The program/utility 44 having a set of program modules 46 (e.g., the data acquisition module 310, the landslide impact factor determination module 320, the first bias factor determination module 330, the second bias factor determination module 340, and the target important feature determination module 350) may be stored in, for example, the system memory 28, such program modules 46 including, but not limited to, an operating system, one or more application programs, other program modules, and program data, each or some combination of which may include an implementation of a network environment. Program modules 46 generally perform the functions and/or methods of the embodiments described herein.
Feature screening device 12 may also be in communication with one or more external devices 14 (e.g., keyboard, pointing device, display 24, etc.), one or more devices that enable a user to interact with feature screening device 12, and/or any device (e.g., network card, modem, etc.) that enables feature screening device 12 to communicate with one or more other computing devices. Such communication may occur through an input/output (I/O) interface 22. Also, feature screening device 12 may communicate with one or more networks such as a Local Area Network (LAN), a Wide Area Network (WAN), and/or a public network such as the internet via network adapter 20. As shown, network adapter 20 communicates with other modules of feature screening apparatus 12 via bus 18. It should be appreciated that although not shown, other hardware and/or software modules may be used in connection with feature screening apparatus 12, including but not limited to: microcode, device drivers, redundant processing units, external disk drive arrays, RAID systems, tape drives, data backup storage systems, and the like.
The processing unit 16 executes various functional applications and data processing by running programs stored in the system memory 28, for example, to implement a feature screening method provided by an embodiment of the present invention, the method comprising:
acquiring landslide grids of a current area and non-landslide grids except the landslide grids, and determining landslide influence factors of the landslide grids and the non-landslide grids;
screening a preliminary important feature set from the landslide influence factors, and determining first bias coefficients of the landslide grids and the non-landslide grids under the preliminary important feature set;
determining important features to be supplemented in the landslide influence factors, updating the preliminary important feature set based on the important features to be supplemented, and determining second bias coefficients of the landslide grids and the non-landslide grids under the updated preliminary important feature set;
and determining the target important features of the current region based on the first bias state coefficient, the second bias state coefficient and the preliminary important feature set.
The processing unit 16 executes various functional applications and data processing by running programs stored in the system memory 28, for example, implementing a rainfall peak type dividing method provided by an embodiment of the present invention.
Of course, those skilled in the art will understand that the processor may also implement the technical solution of a feature screening method provided in any embodiment of the present invention.
Example five
The fifth embodiment of the present invention further provides a computer readable storage medium having a computer program stored thereon, the program when executed by a processor implementing a feature screening method as provided by the embodiments of the present invention, the method comprising:
acquiring landslide grids of a current area and non-landslide grids except the landslide grids, and determining landslide influence factors of the landslide grids and the non-landslide grids;
screening a preliminary important feature set from the landslide influence factors, and determining first bias coefficients of the landslide grids and the non-landslide grids under the preliminary important feature set;
determining important features to be supplemented in the landslide influence factors, updating the preliminary important feature set based on the important features to be supplemented, and determining second bias coefficients of the landslide grids and the non-landslide grids under the updated preliminary important feature set;
and determining the target important features of the current region based on the first bias state coefficient, the second bias state coefficient and the preliminary important feature set.

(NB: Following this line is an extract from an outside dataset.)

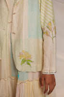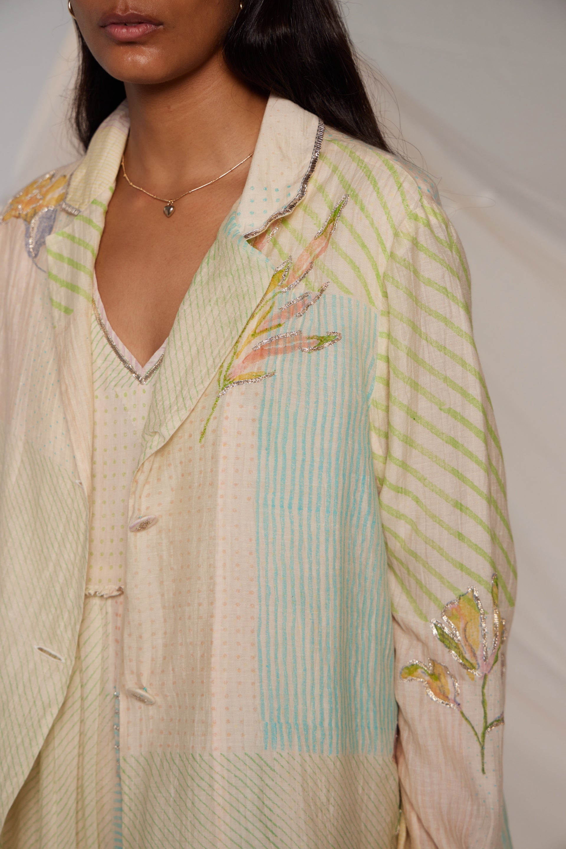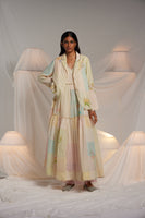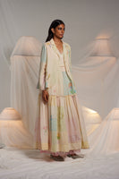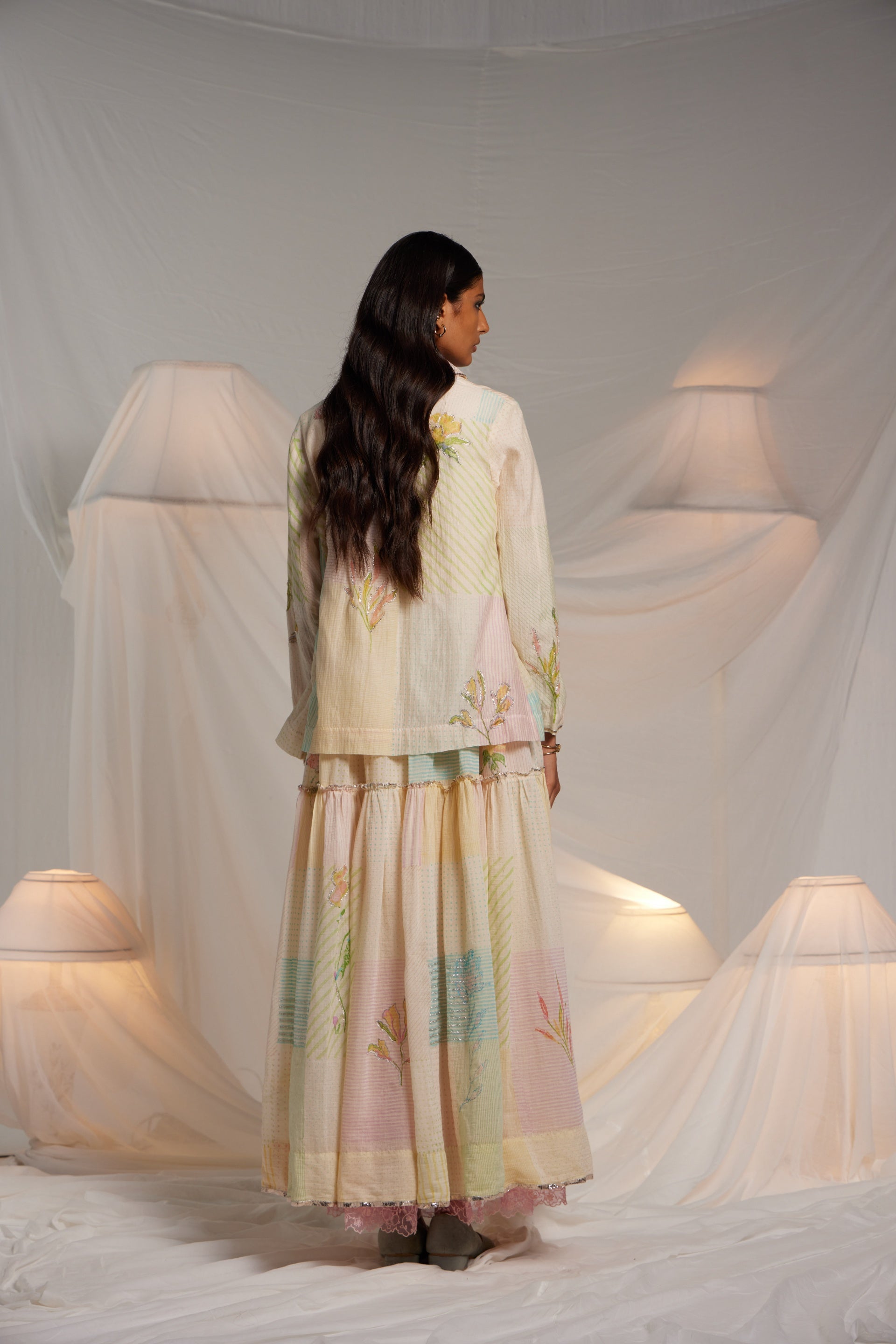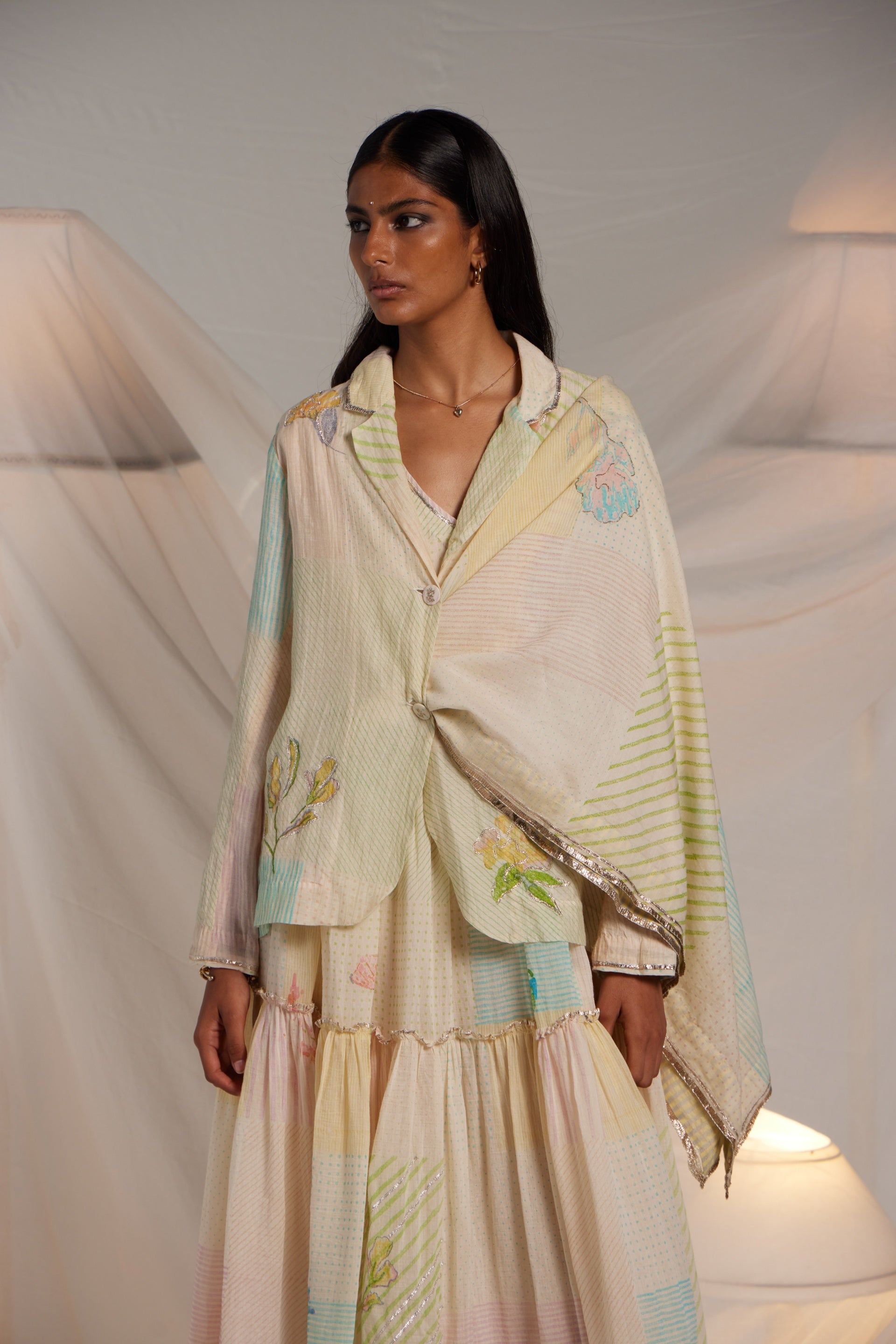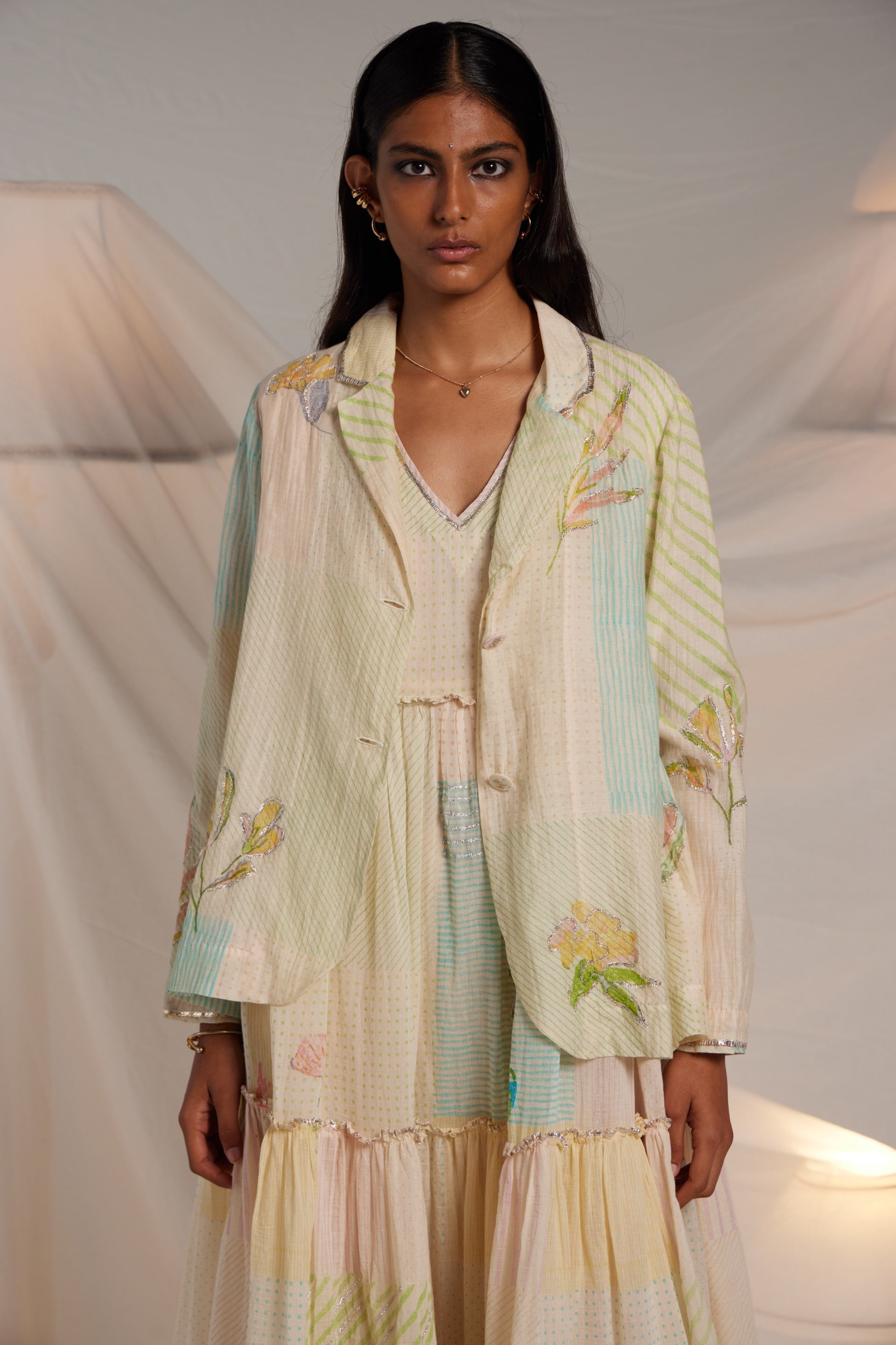 Short semi fitted jacket and a tiered dress in all over hand block collage print and multicolor placement floral hand block print pattern finished with gota embroidery highlights accompanied by an attached printed lining in cotton silk fabric. the dress has an attached printed lining with organza trim.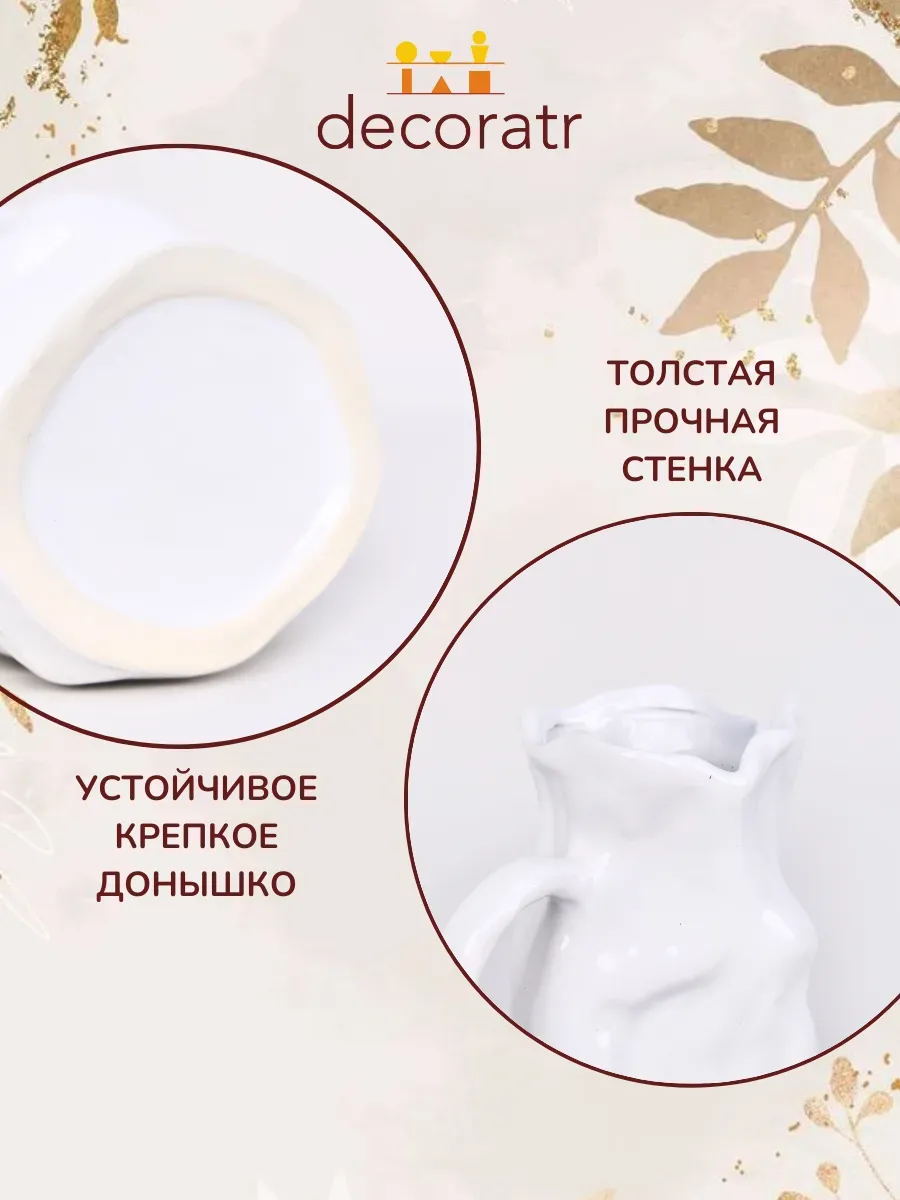 Белая ваза для интерьера станет изысканным акцентом в гостиной, спальне или на кухне. Она органично впишется в скандинавский стиль, минимализм или прованс, добавляя пространству воздушности и света. Deco-Decoratr рекомендует использовать её как центральный элемент композиции на обеденном столе или комоде.

Of course, the computer readable storage medium provided in the embodiments of the present invention, on which the computer program stored, is not limited to the above method operations, but may also perform the related operations in a feature screening method provided in any embodiment of the present invention.
The computer storage media of embodiments of the invention may take the form of any combination of one or more computer-readable media. The computer readable medium may be a computer readable signal medium or a computer readable storage medium. The computer readable storage medium can be, for example, but not limited to, an electronic, magnetic, optical, electromagnetic, infrared, or semiconductor system, or device, or a combination of any of the foregoing. More specific examples (a non-exhaustive list) of the computer-readable storage medium would include the following: an electrical connection having one or more wires, a portable computer diskette, a hard disk, a Random Access Memory (RAM), a read-only memory (ROM), an erasable programmable read-only memory (EPROM or flash memory), an optical fiber, a portable compact disc read-only memory (CD-ROM), an optical storage device, a magnetic storage device, or any suitable combination of the foregoing. In this document, a computer readable storage medium may be any tangible medium that can contain, or store a program for use by or in connection with an instruction execution system, or device.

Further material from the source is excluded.